On p.26 in this book, there is the definition of "neighborhood":

If $U$ is any open set containing $x_0$, we commonly refer to $U$ simply as a neighborhood of $x_0$.

My solution is here:

Assume that $f$ is continuous.
For each $x\in X$, we choose $U:=X$.
Then, $U$ is a neighborhood of $x$ and $f=f|U$ is continuous.

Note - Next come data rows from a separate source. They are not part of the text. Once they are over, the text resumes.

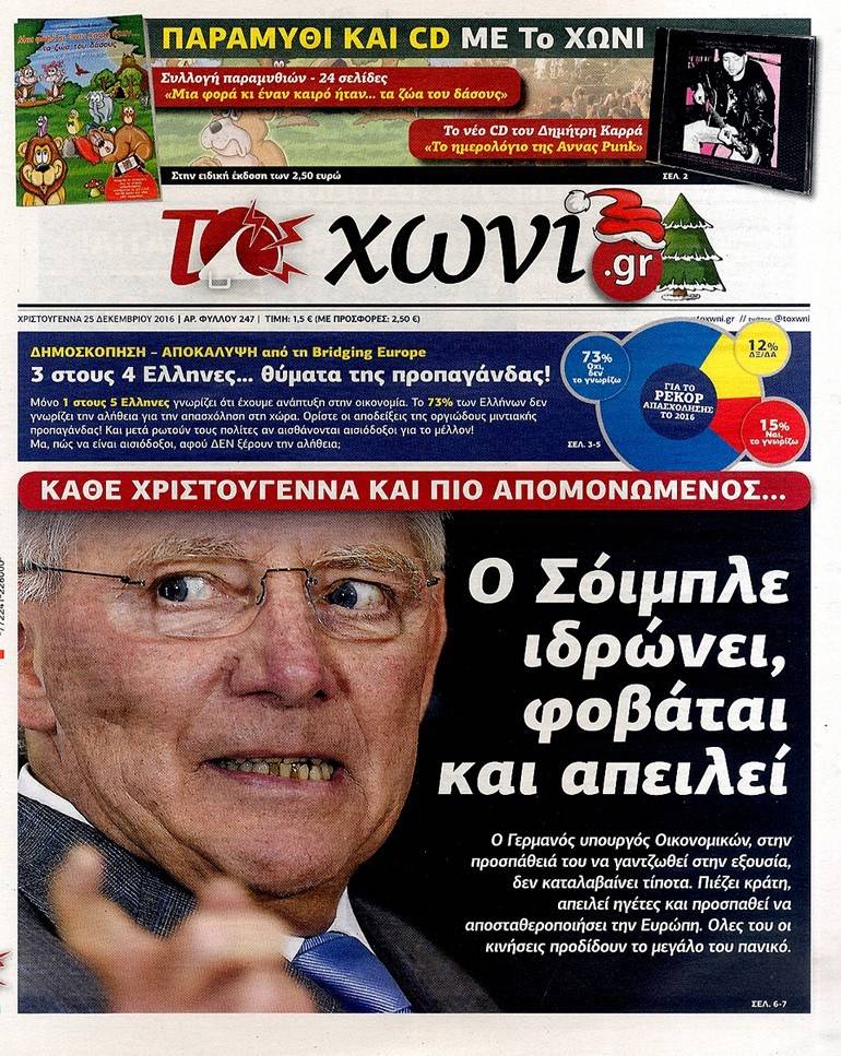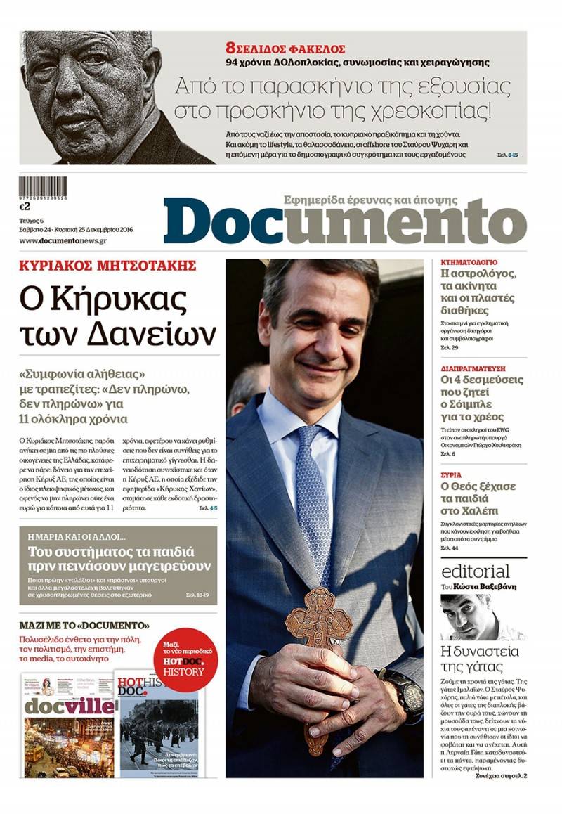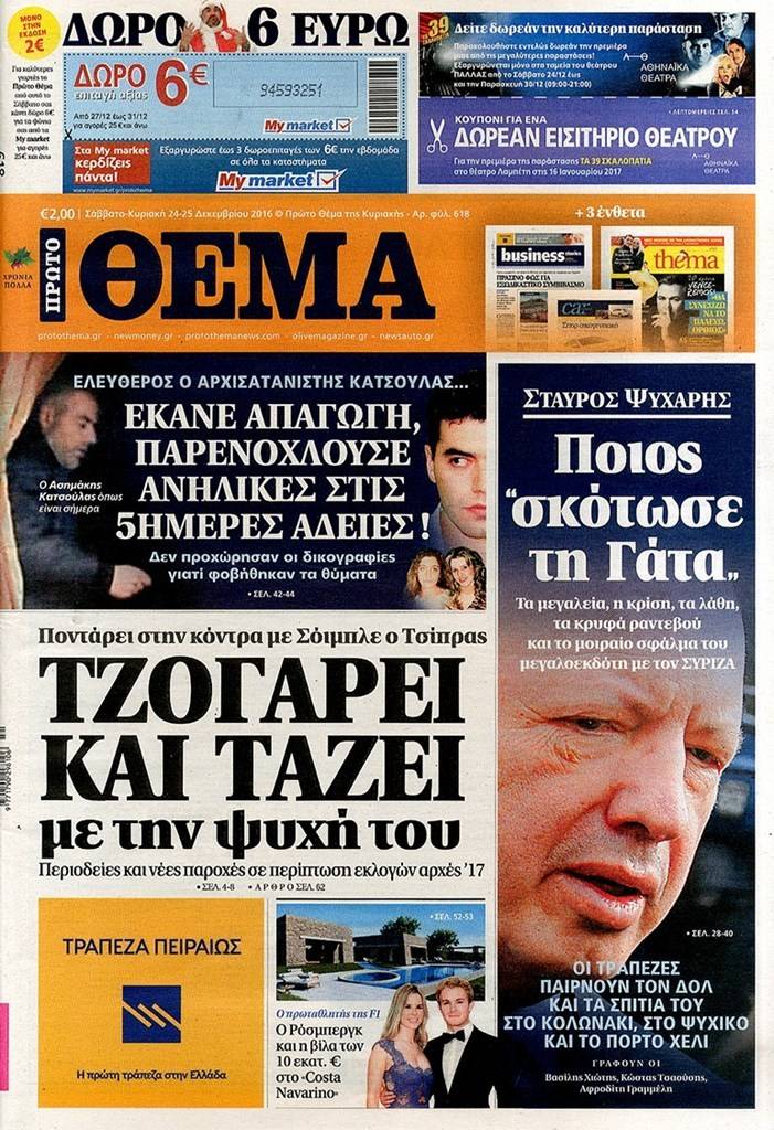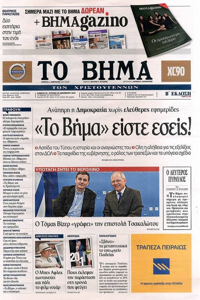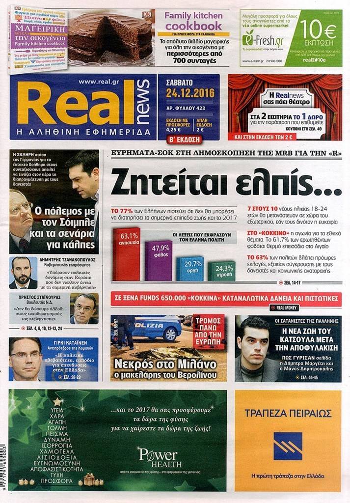 Τα πρωτοσέλιδα των Κυριακάτικων εφημερίδων 25 Δεκεμβρίου 2016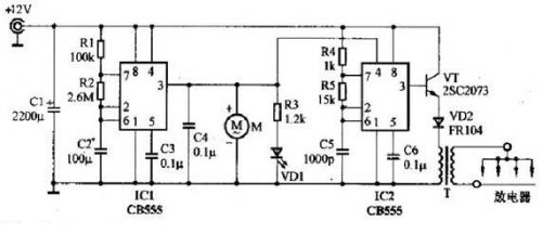 IC1、IC2選用兩塊時基電路CB555,或選用一塊雙時基電路CB556。注意,CMOS時基電路CB7555或CB7556因驅(qū)動電流較小,不適合本機使用。開關(guān)管VT選用2SC2073等中功率管。二極管VD2選用FR104等快恢復整流管。風扇M可選用12V、150mA左右的計算機CPU用的散熱風扇,其體積較小、厚度薄、噪聲很低,比較適合本制作使用,也可用12V玩具電機配以自制的風扇葉片代用。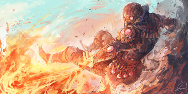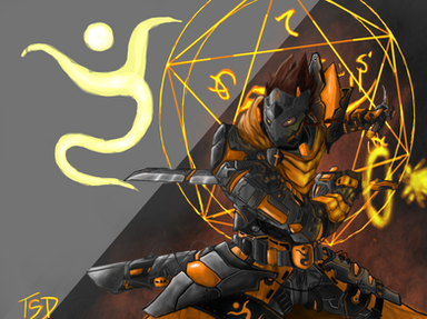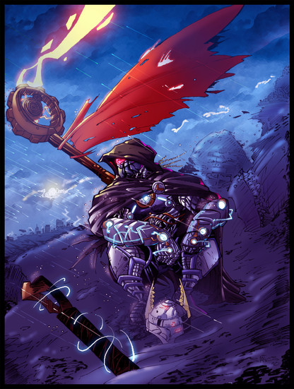 Nicely done mate. You did great with the pose and you did an awesome job with the design. The background looks good, but it could look a lot better. YOu threw in a lot of details into your character and making him dynamic, but your background looks flat. I would say that you could have really made this come to life if you spent more time with your backgrounds. I know I've been a broken record on this, but try doing a fantasy landscape painting. It should really help you with detailing your backgrounds. You seem to have a pretty good idea on perspective and color choice, so for that I do give you credit for.

Conversely, assume that for each $x\in X$, there is a neighborhood $U$ of $x$ such that $f|U$ is continuous.
Let $x$ be any point in $X$.
Let $V$ be any open set in $Y$ which contains $f(x)$.
By assumption, there is a neighborhood $W$ of $x$ such that $f|W$ is continuous.
Since $(f|W)^{-1}(V)$ is an open set in $W$, there is an open set $U$ in $X$ such that $(f|W)^{-1}(V)=W\cap U$.
Since both of $W$ and $U$ are open sets in $X$, their intersection $(f|W)^{-1}(V)$ is also an open set in $X$ and $(f|W)^{-1}(V)$ contains $x$.
Obviously, $f((f|W)^{-1}(V))\subset V$ holds.
Therefore, $f$ is continuous.